Korea’s share in Chinese chips imports drops by 5.5% points

Posted April. 26, 2022 08:20,   

Updated April. 26, 2022 08:20

한국어

The share of Korean exports in China’s semiconductor market has been reduced since Washington slapped sanctions against Beijing.

The Federation of Korean Industries announced Monday that Korea’s share in the Chinese semiconductor imports has fallen by 5.5 percentage points from 2018 to 2021. The fall was even more drastic than that of America’s (fallen by 0.3 percentage points), the architect of the anti-Chinese sanctions. By contrast, the shares of other exporters in Asia rose compared to the pre-sanctions era as indicated by Taiwan (by 4.4 percentage points), Japan (1.8 percentage points), and six ASEAN countries (0.4 percentage point).

From April 2019 to September 2020, the U.S. Department of Commerce put Huawei and SMIC on a trade blacklist over four times, blocking their supplies of semiconductors produced by using American software and equipment.

Compared to 2018, the size of China’s semiconductor imports swelled by 37.2 percent last year. Chinese imports increased by 6.5 percent, but the rise was meager compared to the growth of the Taiwanese or Japanese imports (by 57.4 and 34.8 percent, respectively).

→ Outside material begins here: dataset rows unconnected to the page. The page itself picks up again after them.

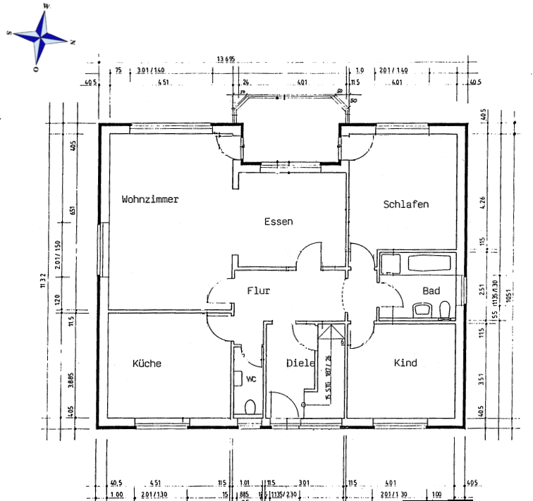 Die 112m² große 4 Zi.-Wohnung verfügt über ein Gäste-WC, ein Vollbad mit Wanne und Dusche und eine große Essküche. Die 8,80m² große Loggia ist nach Westen orientiert. Wohn- und Esszimmer sind miteinander verbunden, können aber mit geringem Aufwand getrennt werden. Ein freier Kaminanschluss ist vorhanden.
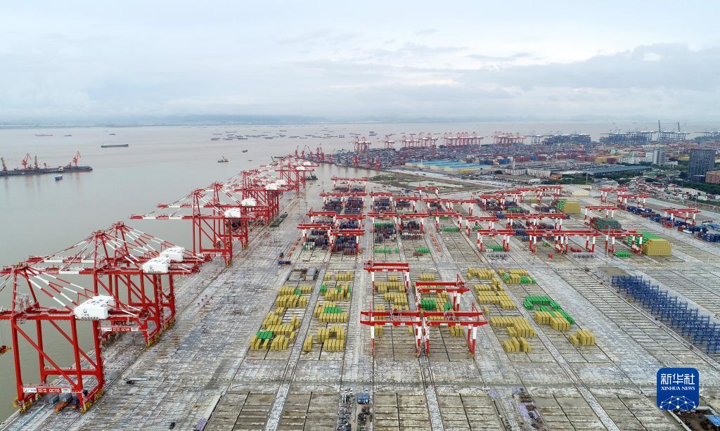 南沙港四期全自動(dòng)化碼頭(6月16日攝,無(wú)人機照片)。新華社記者 盧漢欣 攝
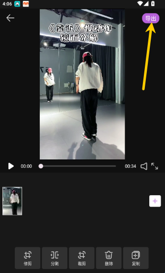 4、最后可对视频素材进行修剪、分割、裁剪等剪辑操作点击“导出”即可完成视频的剪辑创作
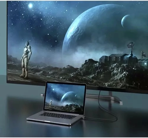 Solidna konstrukcja z metalowymi, pozłacanymi złączami oraz nylonowym oplotem minimalizuje zakłócenia, zapewnia długą żywotność i chroni przed plątaniem. Kabel jest plug & play – bez potrzeby sterowników, wystarczy podłączyć i oglądać.
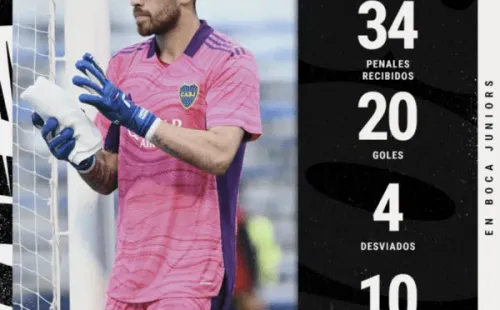 Un experto. No es ningún hallazgo dar cuenta de su capacidad para intuir y detener las ejecuciones recibidas. Si nos limitamos a los que recibió en El Xeneize, esta jornada alcanzó los 10 penales atajados de 34 recibidos. Lo particular es que 4 de ellos fueron directamente desviados por el ejecutante. Es decir, tapó un tercio de los disparos que fueron al arco.
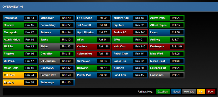 Человеческий ресурс является одним из ключевых показателей. Чем в стране больше людей, тем лучше ее потенциал в работе на оборону и военную индустрию. Ну и, соответственно, больше военных кадров в армии и резерве. Также наиболее важными являются показатели Воздушных сил, ВМС и бронетехники.
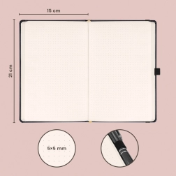 Bodkovaná mriežka ponúka flexibilitu na písanie, kreslenie aj tvorbu prehľadných rozvrhov. Povrch je navyše vhodný na razbu loga, takže zápisník ľahko premeníte na štýlový firemný darček alebo prezentačný materiál.
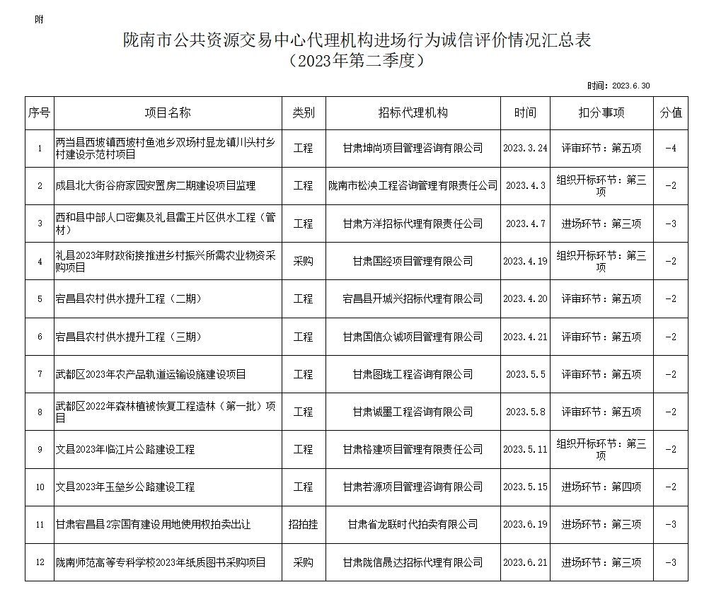根據(jù)《甘肅省公共資源交易代理機構(gòu)管理辦法》(甘政辦發(fā)〔2019〕107號)和《隴南市公共資源交易中心代理機構(gòu)進(jìn)場行為誠信評價實施制度(試行)》規(guī)定,現(xiàn)對2023年第二季度,共12家代理機構(gòu)12條進(jìn)場行為誠信評價記錄予以通報(詳見附表)。請各代理機構(gòu)嚴(yán)格遵守各項規(guī)章制度、誠實守信,規(guī)范操作,為招標(biāo)人和采購人提供專業(yè)、高效、規(guī)范的招標(biāo)代理服務(wù)。
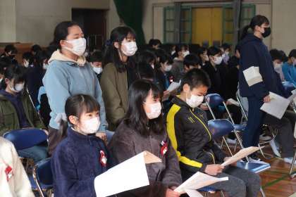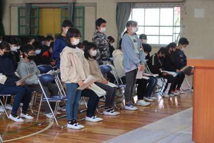 今日は、入退場と別れの言葉、卒業証書授与の練習を行いました。1組の様子です。
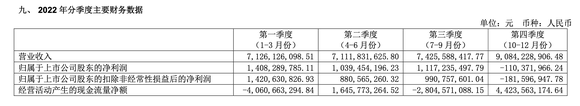 去年前三季度,明阳智能分别盈利14.08亿元、10.39亿元、11.17亿元;四季度亏损1.1亿元,扣非净利亏损1.8亿元。
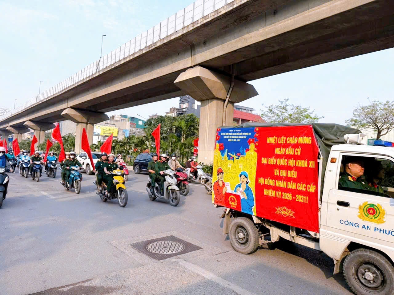 Đoàn tuyên truyền gồm xe ô tô và hàng chục xe máy gắn loa phát thanh, cờ, băng rôn, khẩu hiệu di chuyển qua các tuyến đường chính trên địa bàn phường, tuyên truyền tới nhân dân về ý nghĩa, tầm quan trọng của cuộc bầu cử; quyền và nghĩa vụ của công dân trong việc tham gia bầu cử.
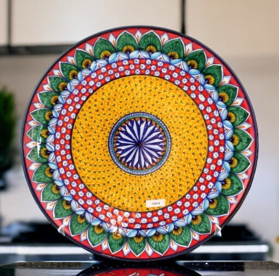 这款色彩鲜艳的手绘墙盘是意大利德鲁塔的 Geribi Studio 作品的典范。它采用郁郁葱葱的花卉图案,花瓣层层叠叠,呈鲜艳的红色和绿色,中间是一朵金黄色的花朵。复杂的图案让人联想到盛开的菊花,象征着完美和乐观。每一笔都体现了对传统工艺的承诺,将意大利艺术的乐趣带入任何空间。这块盘子不仅是一个实用物品,更是一件颂扬手工传统之美的艺术品。
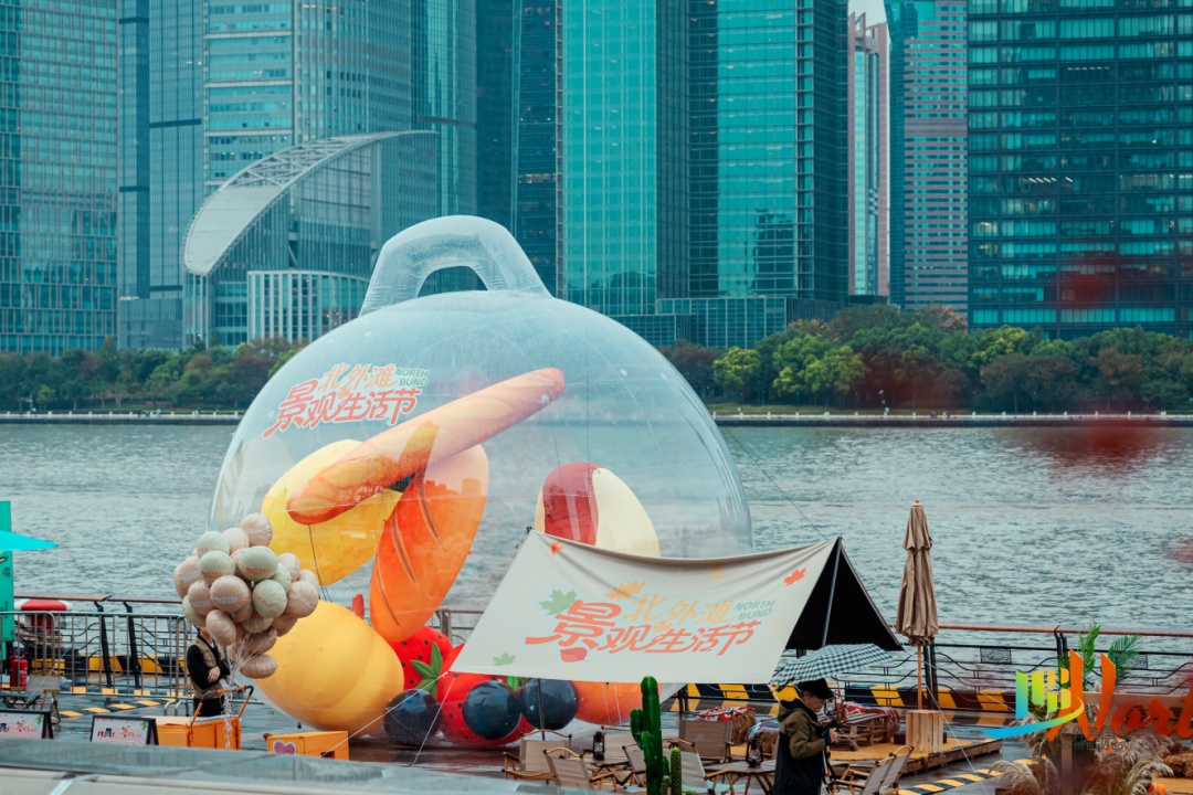 位于国客中心片区的滨江野餐区,是本届北外滩景观生活节最聚人气的“网红”打卡点之一。

The biggest contributor to the fall in Korea’s share in the Chinese imports was American’s sanctions, which prevented Korean companies from supplying for Huawei. As of 2019 when the sanctions began to be imposed, the shares of Huawei in Samsung Electronics’ and SK Hynix’s revenues stood at 3.2 percent (about 7.37 trillion won) and 11.4 percent (about 3 trillion won).